КОНТЕКСТЫ: эссеистика, критика, библиография | Выпуск 19 |
Глобальный коммунистический проект не предусматривал такого явления, как русская религиозная литература. Поэтому не удивительно, что метания поэзии 60-80-х годов лежали в стороне от совписовского болота. На хлебосольных кухнях, где собирались неофициальные литераторы, звучал все нарастающий ритуальный смех, и шли духовные поиски. С нашей стороны, однако, было бы чрезвычайно сомнительным занятием связывать их с "религиозным ренессансом", о коем любили вещать "вражеские голоса" во время оно. Слишком падко было культурное подполье на восточную мистику, спиритуализм, оккультизм, апокрифы и забывающую обо всем игру.
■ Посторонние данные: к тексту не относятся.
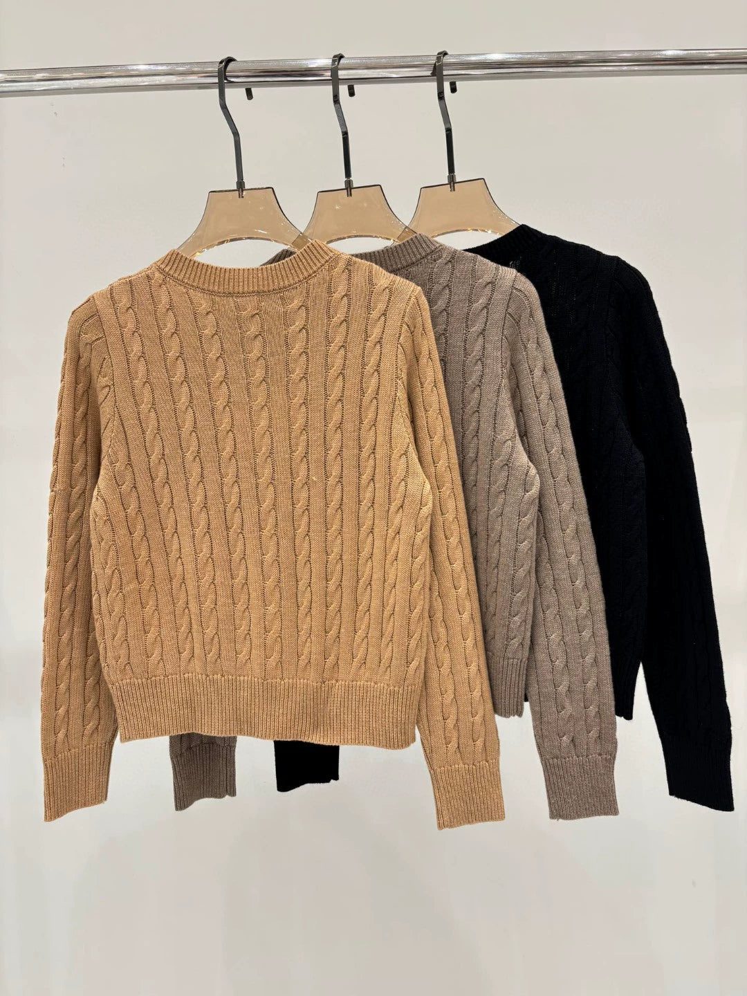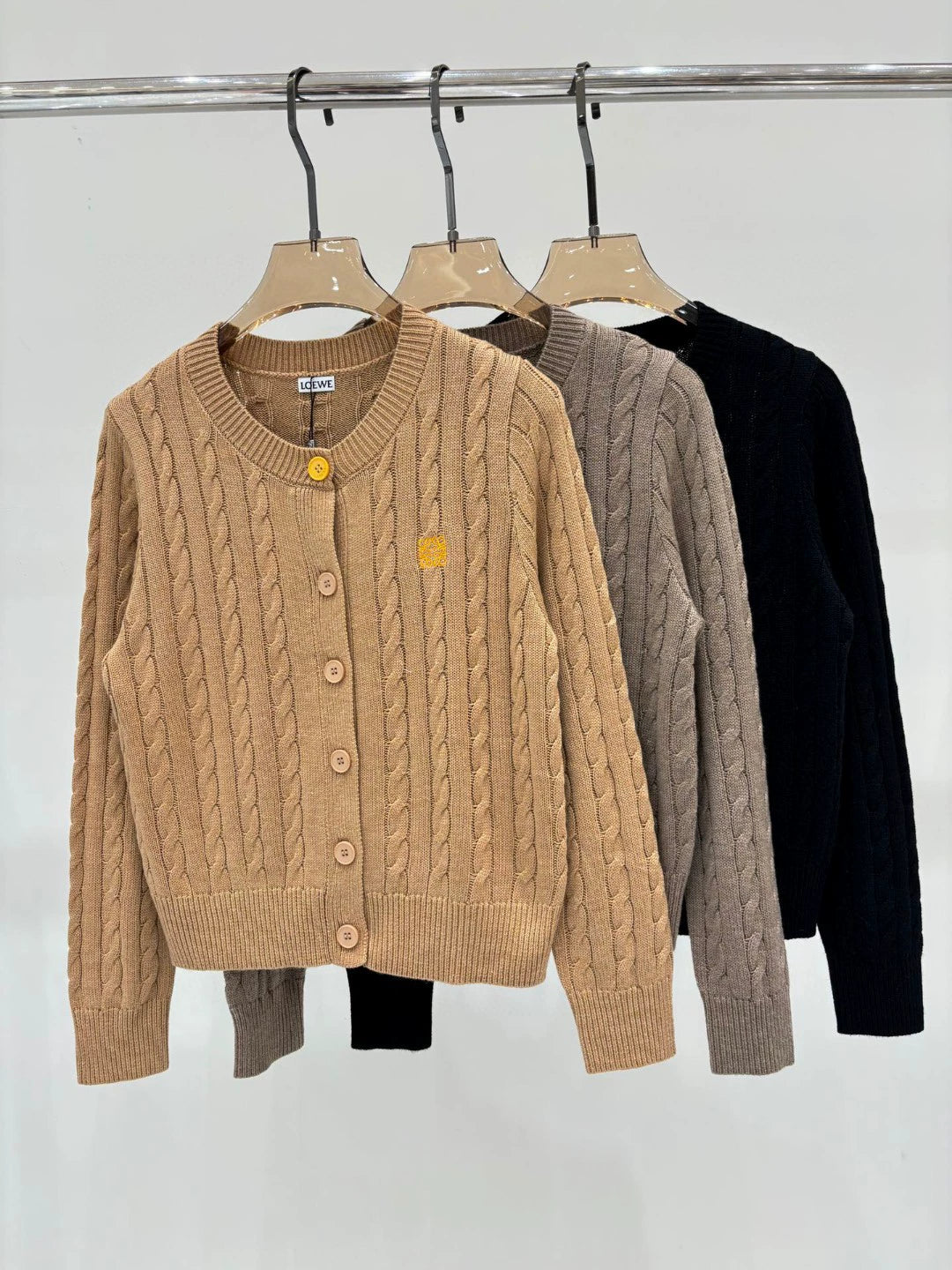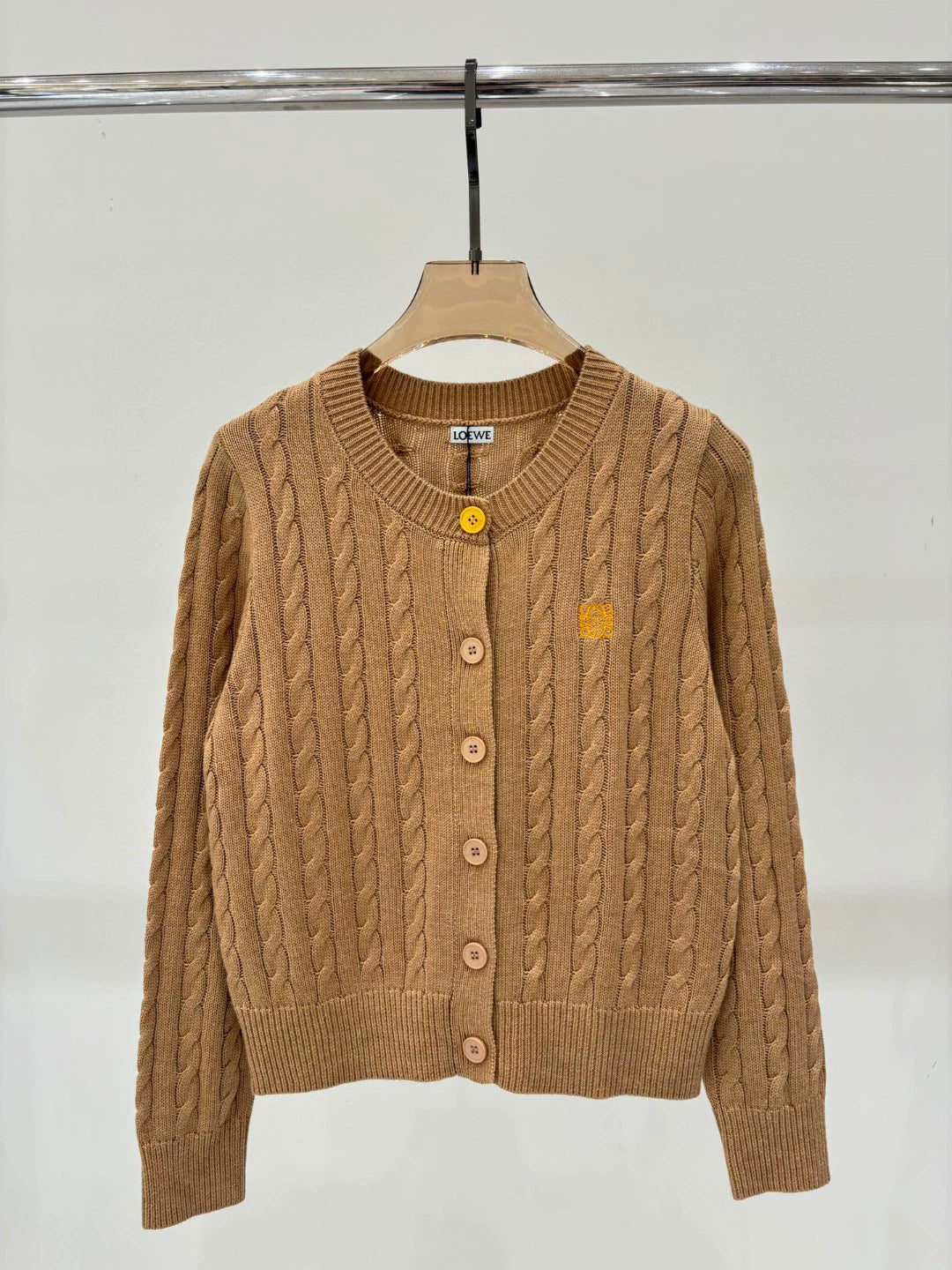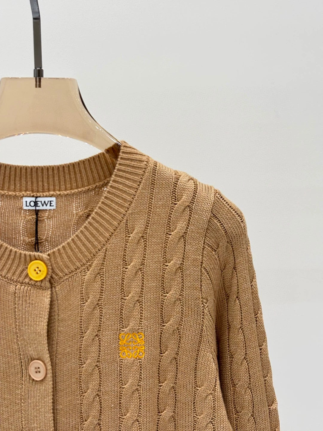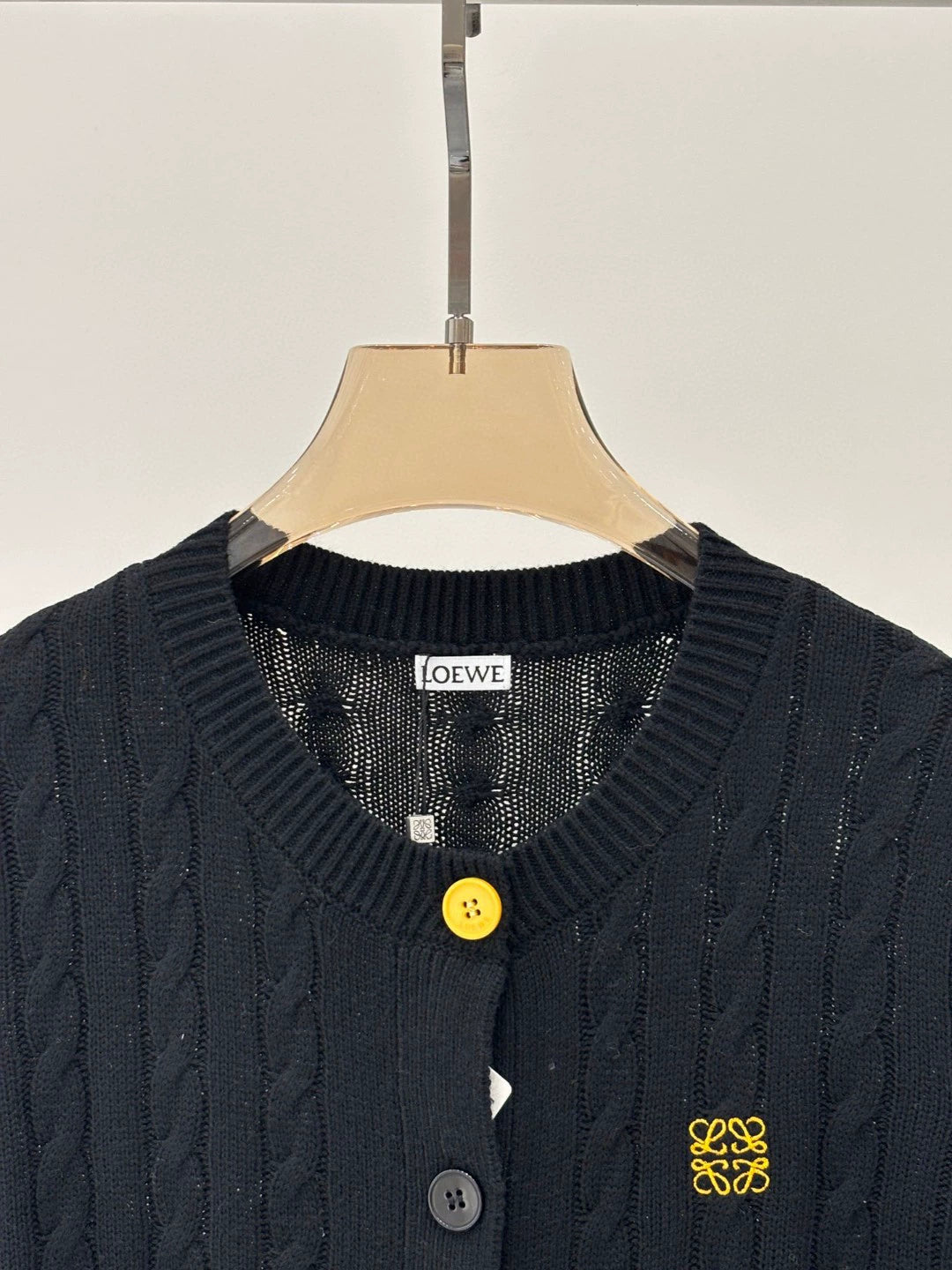 LO 25 Spring and Summer New Round Neck Letter Logo Embroidered Button Knitted Cardigan

И все-таки андеграунд оставил нам немало ориентированных на духовную вертикаль произведений.
Некоторые современные критики склонны связывать духовную поэзию исключительно с канонической традицией. В их стремлении апеллировать к неким, не всегда проговариваемым, образцам есть определенный резон. Действительно, мы можем говорить о существовании поэтического канона, подобного канону иконописному, который предстает в виде главного источника легитимности. Канон этот может пониматься разными людьми по-разному, тем более что он не привязывает нас к жестким стихотворным формам. Но здесь принципиально важно, что авторская стратегия имеет определенное направление движения, заданное традицией, вследствие чего тексты оказываются приспособленными для теологических интерпретаций. Выход за пределы канона не означает потерю с ним связи, так как только церковное сознание вправе придавать или не придавать текстам религиозный статус. В этой связи показательны народные духовные стихи. Создаваемые безымянными сказителями, "каликами перехожими", и приспособленные к народному восприятию, часто наивному и весьма живописному, они способствовали воцерковлению народа. Вероятно, поэтому между слагателями и исполнителями духовных стихов, с одной стороны, и институциональной церковью – с другой, никогда не возникало серьезных конфликтов. И это притом, что расхождения в содержании народных духовных стихов со святоотеческой традицией были, и порой весьма и весьма существенные.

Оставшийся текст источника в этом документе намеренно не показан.